Cloud Computing's Killer App: Gaming
AMD's proposed online supercomputer will handle gaming graphics so your cellphone won't have to
photo: Chris Stein/Getty Images
Online fantasy games are just a phone call away.
In recognition of the huge importance of graphics and gaming to the future of computing, Advanced Micro Devices (AMD), of Sunnyvale, Calif., is building the fastest commercial supercomputer in the world and selling its use to makers of online games. When it’s ready, in the second half of 2009, it will manage a thousand million million floating-point operations per second—a petaflop. That will put it on a par with Roadrunner, the U.S. Department of Energy’s most powerful machine.
The idea is to compute a game’s graphics, compress them, and send them out over the Internet so that online gamers can run the results on platforms, such as cellphones, that are too computationally puny to render the graphics on their own. Game makers would write their software for the supercomputer—rather than for a PC, smart phone, or other platform—and then rent computer time and bandwidth on AMD’s machine. It’s a particularly striking example of the shift in the balance of power away from the platform and into the network, or cloud—hence the computer’s name, the Fusion Render Cloud.
Cloud computing makes it ridiculously easy for potential customers to try out a game and get hooked—all they have to do is go to a Web site and start playing. Another plus is that by off-loading most of the computational guts, cloud computing puts game software out of the reach of pirates. And it economizes on computation time by supplying users with only as much graphical detail as the available bandwidth can handle, when it can handle it.
”We’ll be able to render 30 to 50 frames per second remotely and stream it to any modern Web browser,” says Jules Urbach, chief executive of Otoy International, the game technology company that’s writing the software. ”If you’re on a low-band phone, we’d send less data per frame—for a lower-res image—but you’d still get 30 to 50 frames per second.” The system tests the connection throughout a session, so if the user changes to a more capacious network—say, by switching from a cellphone to a hard-wired desktop—the system responds by adding detail.
The supercomputer will consist mainly of 1000 graphics-processing units (GPUs), each of which can run 800 concurrent computational tasks, or threads. At two chips per graphics card, that means 1600 threads at a pop. About a quarter of the chips will compress or decompress data, and the rest will render the graphics. That’s more than enough muscle, AMD says, to serve the players in any existing massively multiplayer game. The company says it can scale up the machine simply by adding more cards.
AMD says the Fusion Cloud will consume only 150 kilowatts running full tilt, compared to Roadrunner’s 2.35 megawatts. AMD says it will be able to perform as many operations per second as Roadrunner with less power, because its GPUs, with their hundreds of cores, can do far more things at once than can central-processing units (CPUs), which have only a handful of cores. That allows GPUs to better render graphics, a task best handled by dividing it up and working on the pieces in parallel.
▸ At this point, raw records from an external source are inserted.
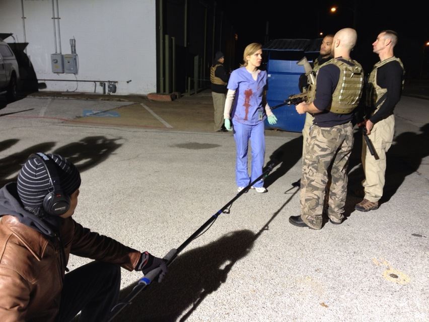 This is what I see from the sidelines when I’m not in a scene. This photo includes Cassie Shea Watson, Jesus Garcia, David Bates, Adam Dietrich, and Juan Pablo Segundo. Super nice actors, every one. I am lucky to get to work with them and watch them at work. Allan Tsybulnik took this photo.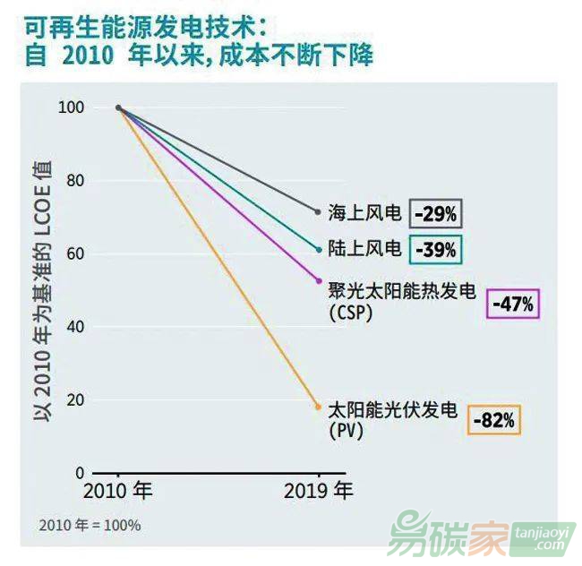 過去十年,光伏和風電的度電成本分別下降了約八成和四成,且仍有進一步下降空間。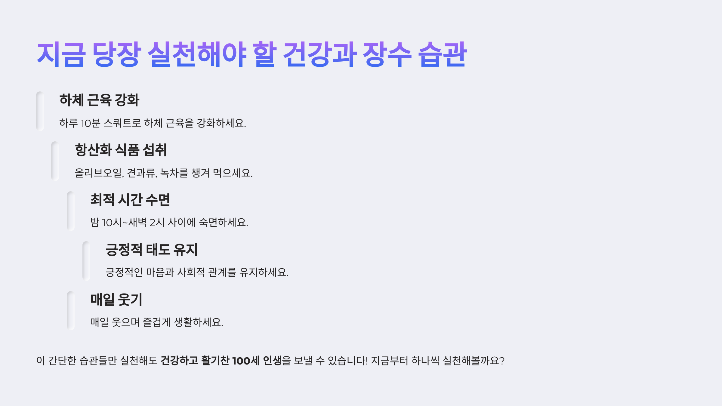 🎯 결론: 지금 당장 실천해야 할 건강과 장수 습관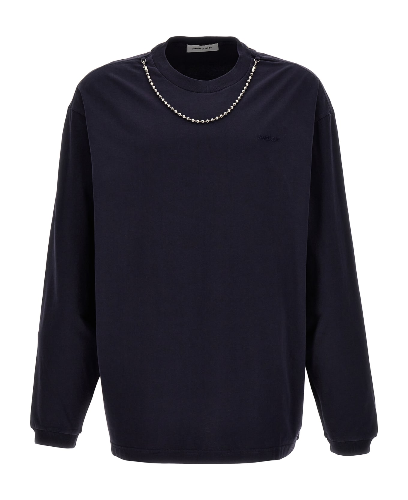 'Ballchain' cotton crew neck t-shirt with metal necklace and long sleeves.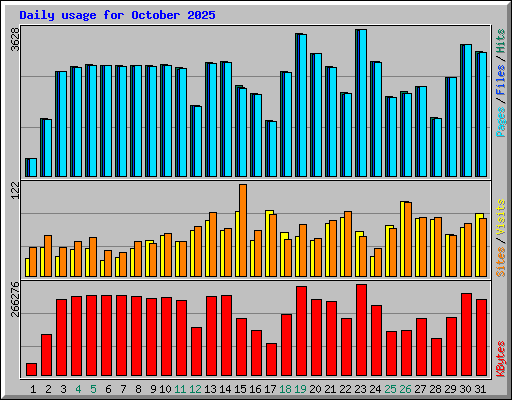| Day | Hits | Files | Pages | Visits | Sites | KBytes | ||||||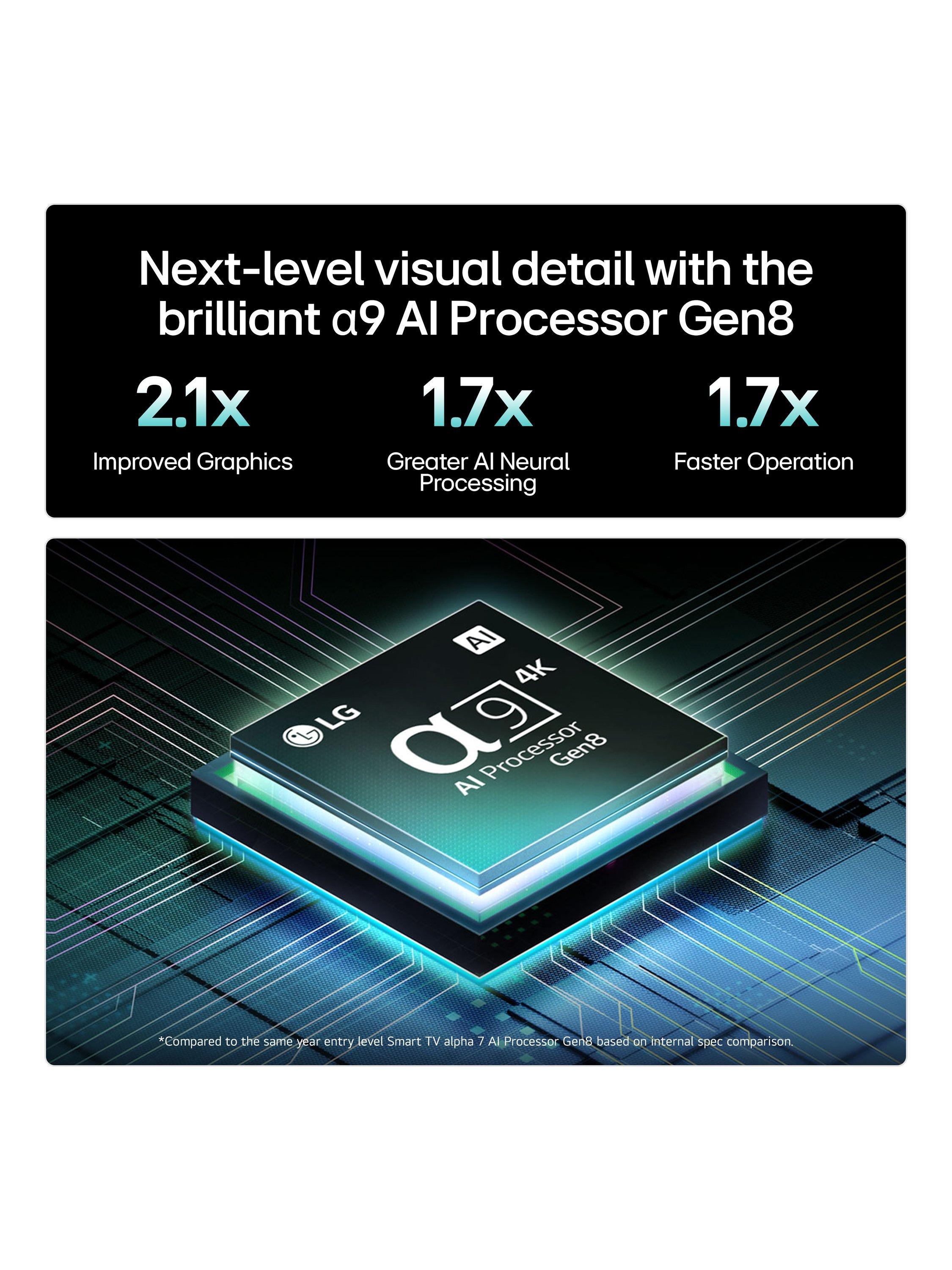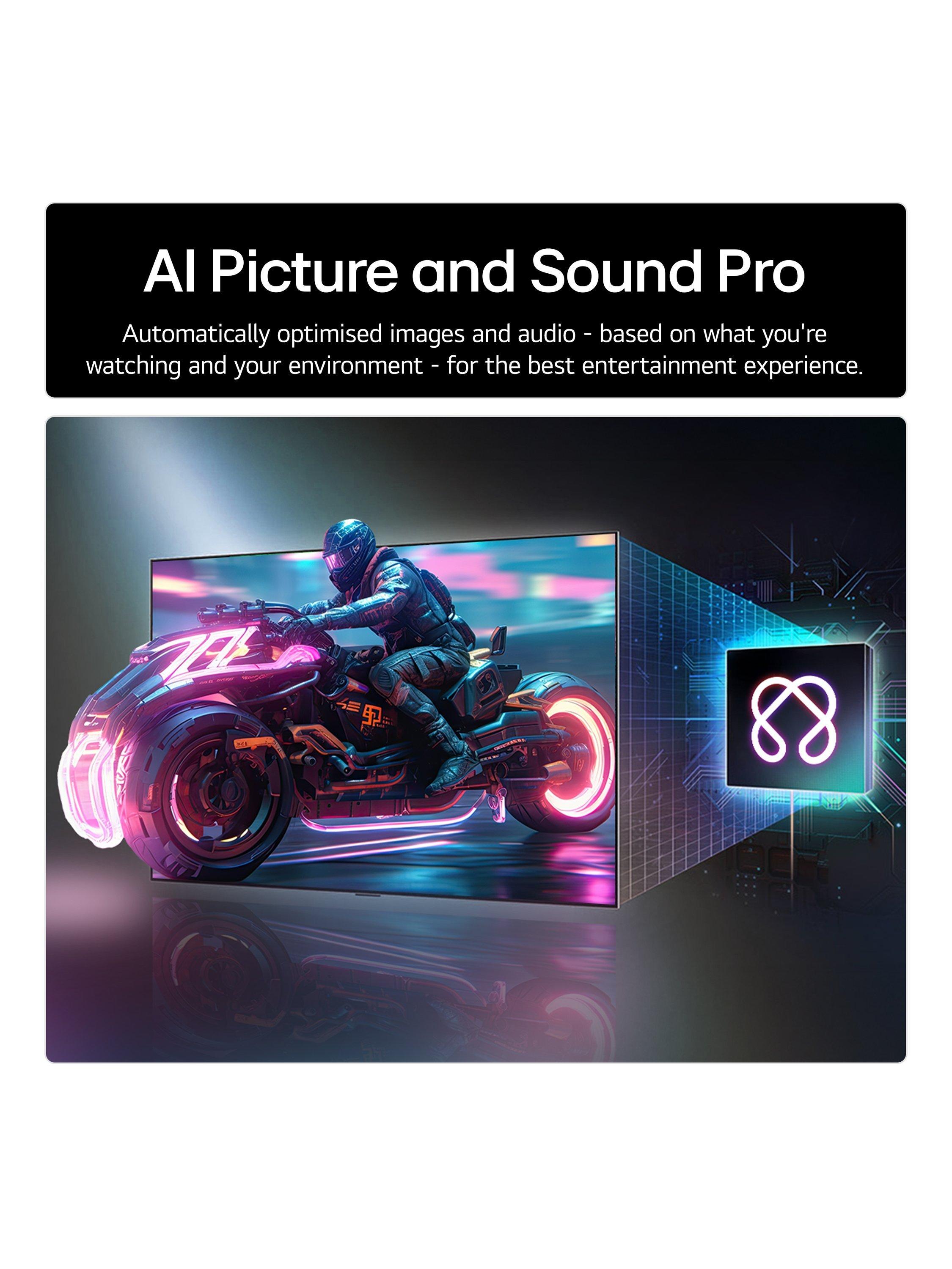 This LG TV features webOS, LG's smart platform which hosts a huge variety of the top streaming services, while making browsing and searching for what to watch completely hassle-free. It opens up a world of information and assistance through a variety of AI-driven services. These include the AI Chatbot - which can help you to change the image or sound to your liking simply by asking, Voice ID – which can recognise different users and provide personalised recommendations, and much more.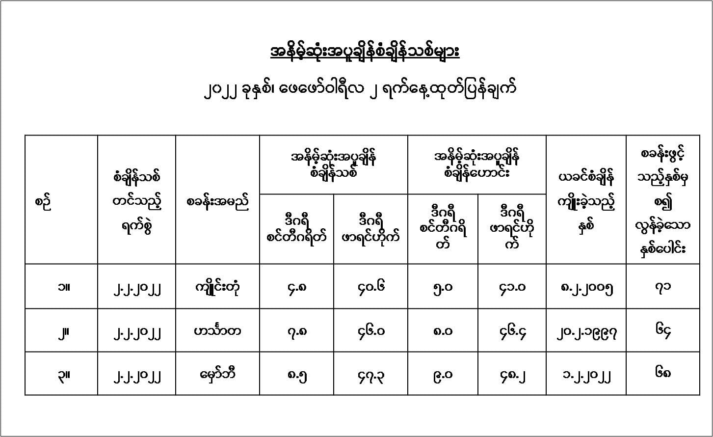 ၂၀၂၂ ခုနှစ်၊ ဖေဖော်ဝါရီလ (၂)ရက်နေ့တွင် မိုးလေဝသနှင့် ဇလဗေဒညွှန်ကြားမှုဦးစီးဌာနမှ ထုတ်ပြန်သည့် ဖေဖော်ဝါရီလ၏ အနိမ့်ဆုံးအပူချိန်စံချိန်သစ်များ-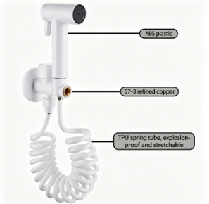 مصنوع من راتنج ABS عالي الجودة وآمن للطعام، تم تصميم بخاخ الشطاف هذا ليدوم طويلاً. إنه يوفر مقاومة استثنائية للصدمات، ومقاومة درجات الحرارة العالية، وأداء مقاوم للصدأ، مما يضمن حلاً صحيًا طويل الأمد لحمامك، ويتفوق بكثير على البدائل البلاستيكية الرخيصة.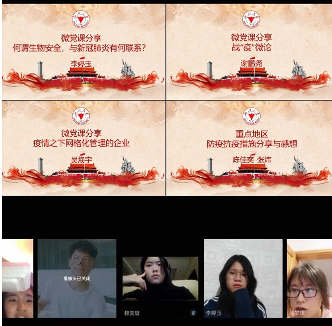 【序言】这是一个不平凡的春天,这是一个特殊的新学期。新型冠状肺炎病毒的席卷改变了每个人的生活节奏和社会步调,全民战“疫”已然打响。当前,疫情形势依然严峻复杂,防控正处在最吃劲的关键阶段。在疫情防控的关键时期,为学习贯彻好习近平总书记重要指示精神和党中央、教育部及学校关于疫情防控的工作部署,巩固“不忘初心、牢记使命”主题教育成果,明确“离校不离教、停课不停学”,生工食品学院各学生党支部积极响应号召,依托网络平台开展了线上党员大会。通过线上主题学习,强化广大学生党员在特殊时期的责任意识、担当意识、奉献意识,通过线上主题党日活动,密切学生党员的相互联系,增强战胜疫情的坚定信心和坚强决心,发挥好广大党员同志的先锋模范作用,以“咬定青山不放松”的韧劲、“不破楼兰终不还”的拼劲参与到战“疫”行动中,共同打赢全民疫情防控狙击战!今日推出生工系本科生党支部、农业生物环境工程研究所研究生党支部的组织生活剪影。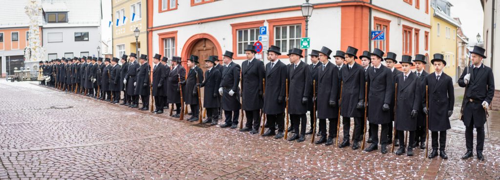 Kurz nach 9 Uhr ist Antreten am Marktplatz. Unter Musikbegleitung wird dann in voller Montur mit Gehrock, Zylinder und Gewehren in die Kirche marschiert.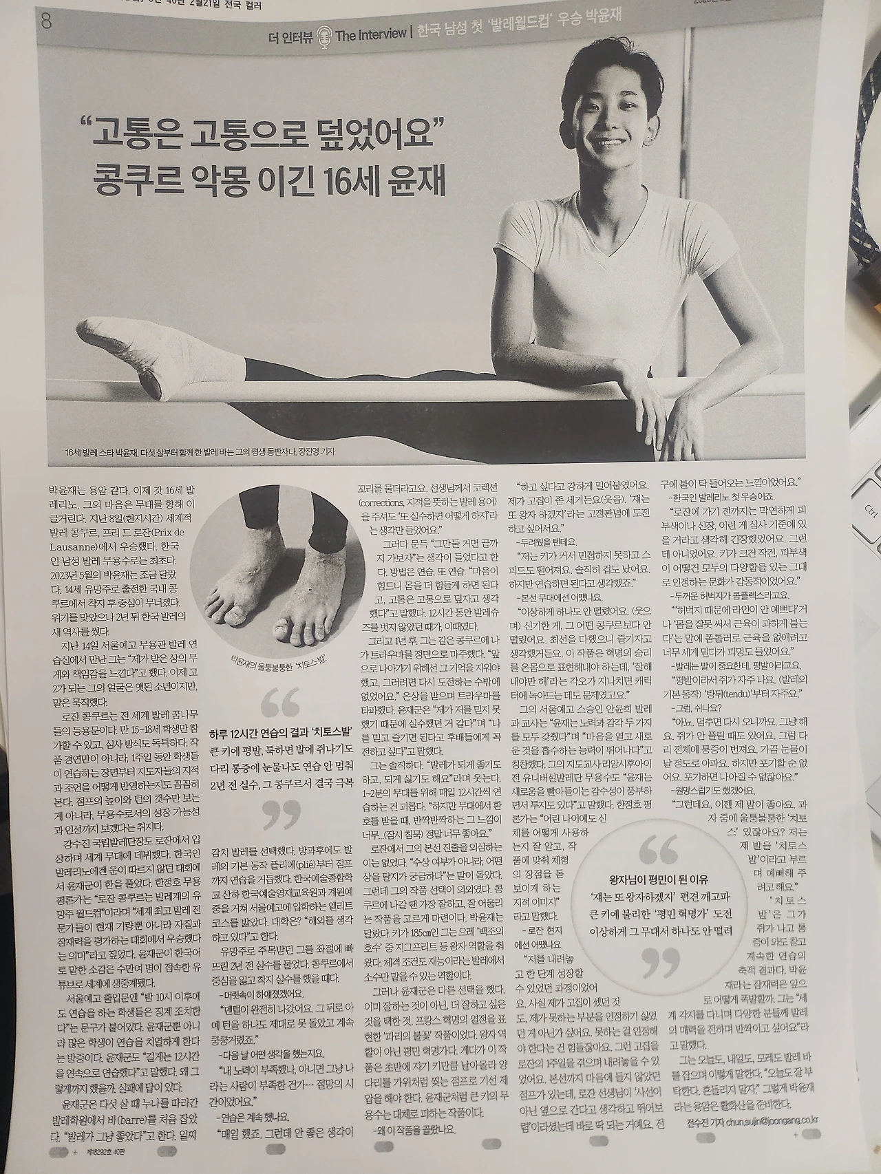 골프도 축구도 클라이밍에도, 삶의 지혜는 녹아있겠지. 하지만 발레를 우연으로 시작해 필연으로 삼은 나로선, 발레만 한 게 없는 듯. 김기민 무용수의 #발레명언 글을 쓴 후, 그의 '해적' 알리 배리에이션 영상을 봤는데, 그중 마네쥬 스팟을 보고 떠올린 바가 있다. 올해 프리 드 로잔 발레 콩쿠르 우승자의 인터뷰에서도 느꼈던 것.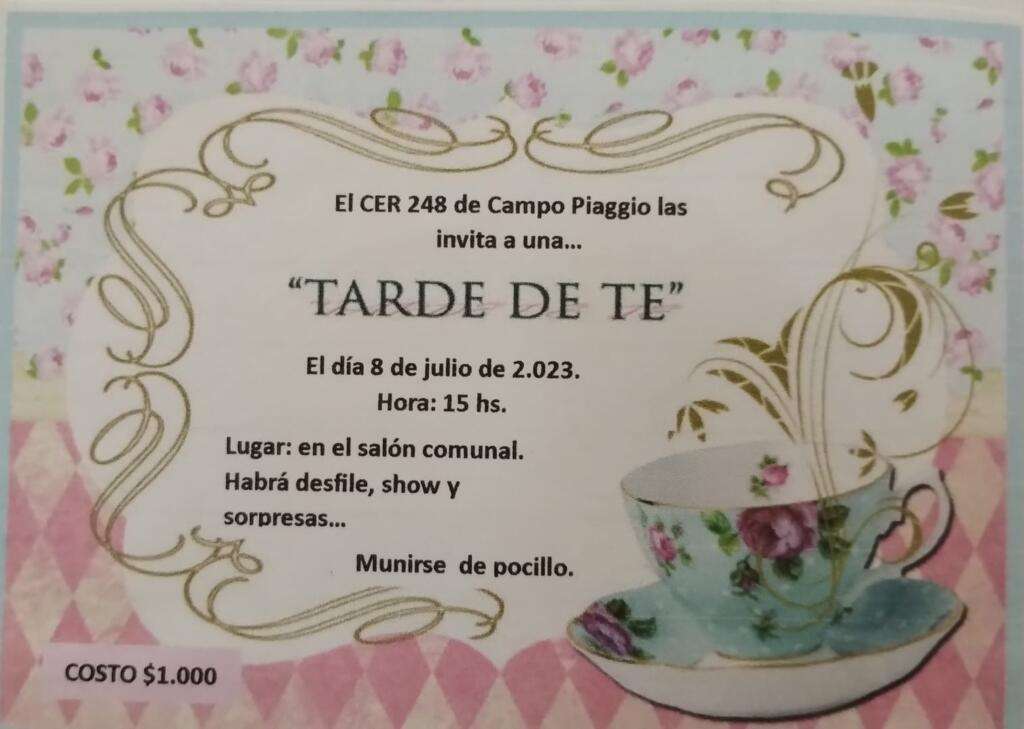 El CER 248 de Campo Piaggio organizó una «TARDE DE TE» el pasado sábado. El SUM Comunal fue el lugar elegido donde se dio cita una gran cantidad de público que pasaron un entretenido momento con desfile, show musical, sorteos y sorpresas.

The Fusion Cloud is happening now because three things fell into place only recently. Rapid-access memory reached the gigabyte range; a way of getting GPUs to perform floating-point operations—long the domain of CPUs—was found; and the rendering of subtle shades of light got much easier to program. ”Graphics cards originally had no shaders,” explains Urbach. ”Then they got geometry shading and then pixel shading, an enormous leap. Finally, since June of last year, we’ve had a general-purpose shader.”
AMD’s plan is merely a battle in a larger war being fought by Intel, AMD, and Nvidia Corp. over the advantages of graphics processing. ”We compete against Intel on the CPU side—they’re trying to get their CPUs to be more parallel—and against Nvidia on the GPU side—they’re trying to get their GPUs to be more flexible,” says AMD spokesman David Nalasco. ”We have both.”